Так что, вопли критики об упадке и чуть ли не гибели русской литературы направлены не по тому адресу. Дело не в авторах, а в издателях, действующих по законам дикого рынка. Если в застойные годы мы не знали, какая же у нас пишется литература, то теперь не знаем тем более.
Сам по себе спрос – не платежеспособный, а духовный, – пока еще (пока) сохраняется. Как велика, например, тяга к настоящей поэзии! Вспомните, какие аудитории собирают редкие на нашем телеэкране вечера авторской песни, и какие лица у сидящих в зале. Если бы сейчас оживилась экономическая конъюнктура, стал более востребованным интеллектуальный труд, и доходы в семьях российских интеллигентов выросли хотя бы до реального прожиточного минимума (в июне 1999 года в Петербурге он составлял 1600 рублей в месяц на человека, а уровень нормальной жизни был втрое больше), можно не сомневаться: тиражи даже существующих научно-популярных и литературных журналов немедленно выросли бы, по меньшей мере, раз в десять. А главное, появились бы новые журналы и издательства, стали бы выходить – и раскупаться – книги, которые сейчас не могут пробиться к читателю, как «некоммерческие». И русская литература наконец-то вместо гримасы обрела бы свое настоящее лицо.
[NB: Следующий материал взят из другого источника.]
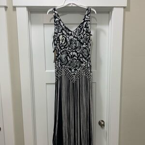 New with tags. Great quality. Size: 10. Color: black and white. Gorgeous design, Imported elastic lace fabric. The body is all handmade matte double-sided sequins ( 2 ways of appearance, gradient color effect ) also with beading, presenting the gradual effect of rose flowers on the lace fabric, decorated with black and white tassels, a very special & exquisite party dress. Zipper at left side. Lined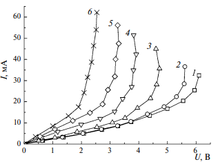 Рис. 3. ВАХ (Fe, Sc)-замещенного манганита при различных температурах: 1—130 K; 2—140 K; 3—160 K; 4—180 K; 5—200 K; 6—240 K.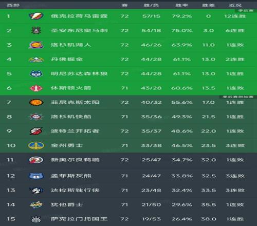 随着雷霆12连胜,湖人失绝平三分,西部最新排名出炉!马刺排第2

Но экономического чуда, даже такого скромного, у нас не предвидится. И пока что, кто платит, тот заказывает музыку. Деньги есть только у хозяев жизни номенклатурно-мафиозного пошиба да их разросшейся обслуги. А этим нужно чтиво, нужна развлекуха. Именно на удовлетворении их потребностей и возрос нынешний издательский бизнес, с его бесстыжими, а большей частью и откровенно безграмотными издателями-дельцами.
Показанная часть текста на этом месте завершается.